The input checking function for obsm and varm should allow the object to be a vector of the correct length instead of only a matrix or a data frame.

Issue: None’s are being dropped from uns

  • Affected backend: HDF5AnnData
  • Affected slot(s): uns, uns_nested
  • Affected dtype(s): empty, none
  • Probable cause: read
  • To investigate: TRUE
  • To fix: TRUE

Error message

Error: names(adata_r$uns) (`actual`) not equal to reticulate::py_to_r(adata_py$uns) (`expected`).

`actual` is NULL
`expected` is a list

Proposed solution

Debug and fix

Issue: The python object has a dimension while the R object does not.
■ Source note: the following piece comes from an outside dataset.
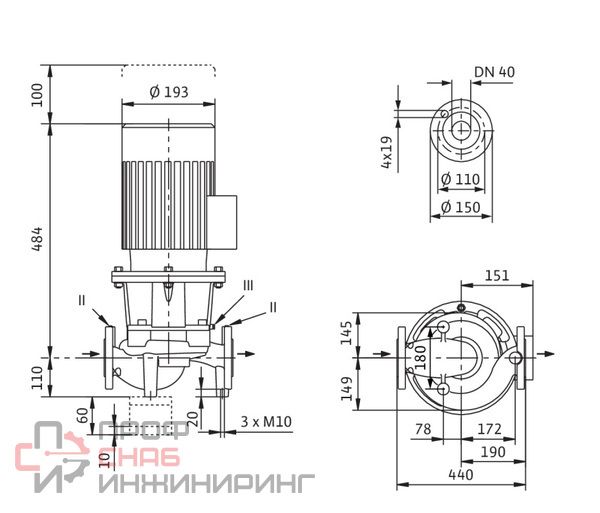 | Присоединение на напорной стороне | Фланцевое DN40 |

  • Affected backend: HDF5AnnData
  • Affected slot(s): uns, uns_nested
  • Affected dtype(s): boolean_array, dense_array, integer_array, string_array
  • Probable cause: reticulate
  • To investigate: TRUE
  • To fix: TRUE

Error message

adata_r$uns[[name]] (`actual`) not equal to reticulate::py_to_r(adata_py$uns[[name]]) (`expected`).

`dim(actual)` is absent
`dim(expected)` is an integer vector (10)

Proposed solution

Think about whether this is a problem or not. If it isn’t, fix the unit test.

Issue: Python object is not being converted correctly.

  • Affected backend: HDF5AnnData
  • Affected slot(s): uns, uns_nested
  • Affected dtype(s): categorical, categorical_missing_values, categorical_ordered, categorical_ordered_missing_values
  • Probable cause: reticulate
  • To investigate: TRUE
  • To fix: TRUE

Error message

<python.builtin.AttributeError/python.builtin.Exception/python.builtin.BaseException/python.builtin.object/error/condition>
Error in `py_get_attr(x, name)`: AttributeError: 'Categorical' object has no attribute 'get_values'. Did you mean: 'sort_values'?
Run `reticulate::py_last_error()` for details.
Backtrace:
    ▆
  1. ├─testthat::expect_equal(adata_r$uns[[name]], reticulate::py_to_r(adata_py$uns[[name]])) at test-roundtrip-uns.R:80:5
  2. │ └─testthat::quasi_label(enquo(expected), expected.label, arg = "expected")
  3. │   └─rlang::eval_bare(expr, quo_get_env(quo))
  4. ├─reticulate::py_to_r(adata_py$uns[[name]])
  5. └─reticulate:::py_to_r.pandas.core.arrays.categorical.Categorical(adata_py$uns[[name]])
  6.   ├─reticulate::py_to_r(x$get_values())
  7.   │ ├─reticulate::is_py_object(x <- py_to_r_cpp(x))
  8.   │ └─reticulate:::py_to_r_cpp(x)
  9.   ├─x$get_values
10.   └─reticulate:::`$.python.builtin.object`(x, "get_values")
11.     └─reticulate:::py_get_attr_or_item(x, name, TRUE)
12.       └─reticulate::py_get_attr(x, name)

Proposed solution

Debug and fix

Issue: Python object is not being converted correctly.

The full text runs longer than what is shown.